Béatrice Dalle e la sfida del tempo che passa: alla SIC un'opera labirintica per rimanere incantati o soccombere terrorizzati


Béatrice Dalle è stata la musa inquieta di giovani autori destinati a diventare di culto come l'interprete ideale di molti registi già consacrati. Impossibile dimenticare la sua folgorante prima apparizione in Betty Blue di Jean-Jacques Beineix: era il 1986 e nonostante la giovane età emanava un fascino da diva tutta genio e sregolatezza. Molti anni e molti film dopo, la Dalle resta un'attrice sensibile agli stimoli fuori dall'ordinario, aperta alle novità e in grado di mettere in discussione la propria immagine anche a rischio di perdere la consueta aura di femme fatale.

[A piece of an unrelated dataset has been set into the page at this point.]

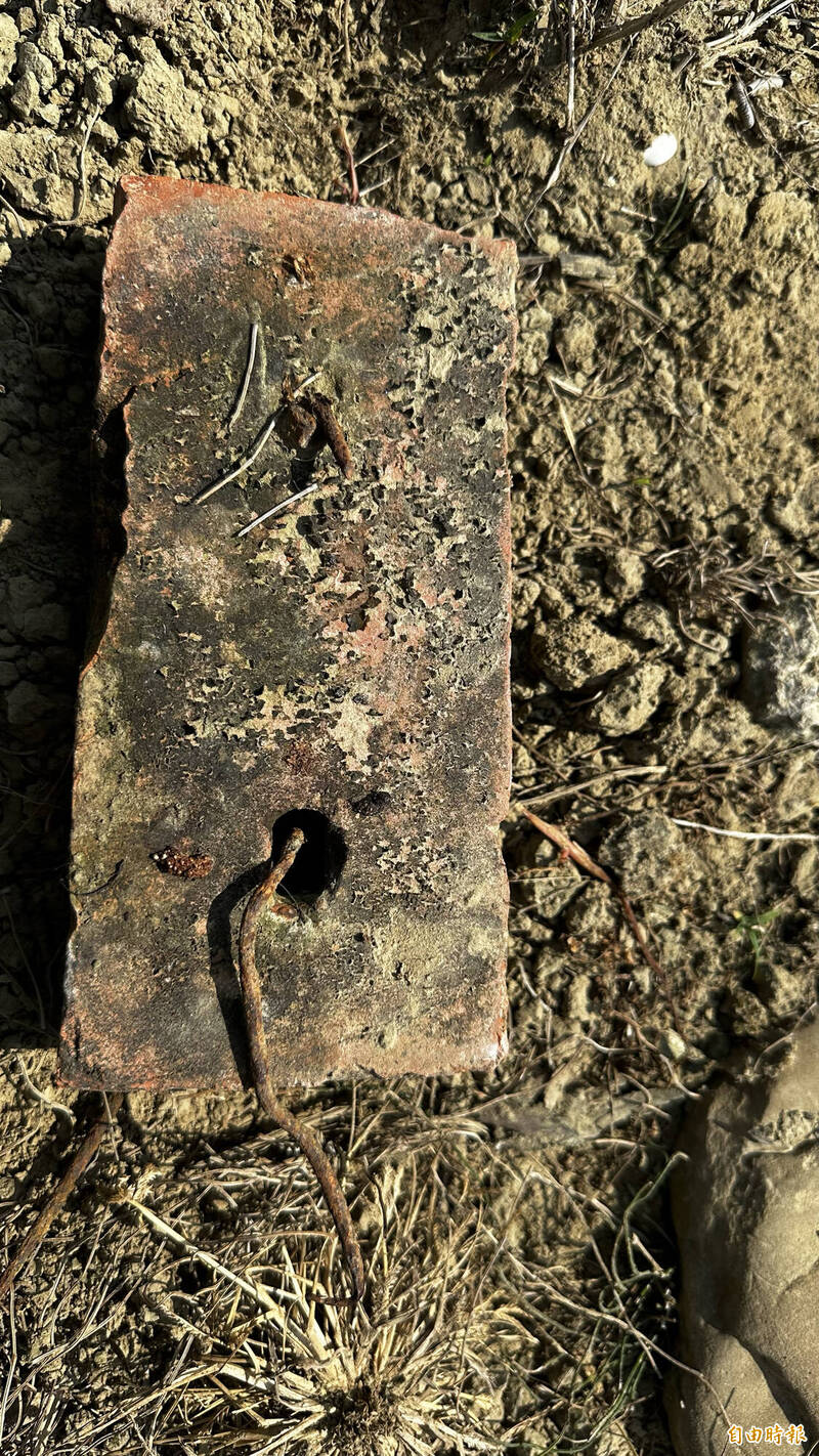 員去年發現1段串磚護岸,還有部分脫落的紅磚,每塊上面可看到2個孔洞,有些更留有鐵

Va in questo senso la scelta di interpretare Domaine, opera prima del regista di origini austriache ma naturalizzato francese Patric Chiha, presentato alla Settimana della Critica. Un film difficile, che le regala un ruolo ricco di sfumature costringendola però a fare i conti con il tempo che passa, la bellezza che sfiorisce, il fascino che si appanna. Una sfida che Dalle vince dando vita da par suo alla figura di una matematica nevrotica e tendente all'alcolismo, legata al giovanissimo nipote da un legame morboso, ma non incestuoso come sarebbe sin troppo facile pensare. I due vivono all'inizio un rapporto in cui lei è la carnefice e lui la vittima, ma nel corso della vicenda i ruoli si fanno via via più sfumati fino a un drammatico epilogo. Chi domina chi? Con quali armi si esercita il dominio cui il titolo fa riferimento? Il film non tenta alcuna risposta ma si limita a seguire i meandri della mente di Nadia e Pierre, analizzati come un meccanismo che risponde a precise regole matematiche. Il dominio è anche infatti quello dei numeri, terreno affascinante di indagine non meno della mente umana. Come affascinate è questo film labirintico, dove ci si può perdere incantati o soccombere terrorizzati dal peso delle domande esistenziali che pone. Domaine è insomma una di quelle opere intellettuali che richiede la partecipazione di uno spettatore attivo, mentre è difficile che possa ammaliare chi è in cerca di facili emozioni. Ma il cinema è anche questo: composizione perfetta, estrema ricerca formale, profondità di significati.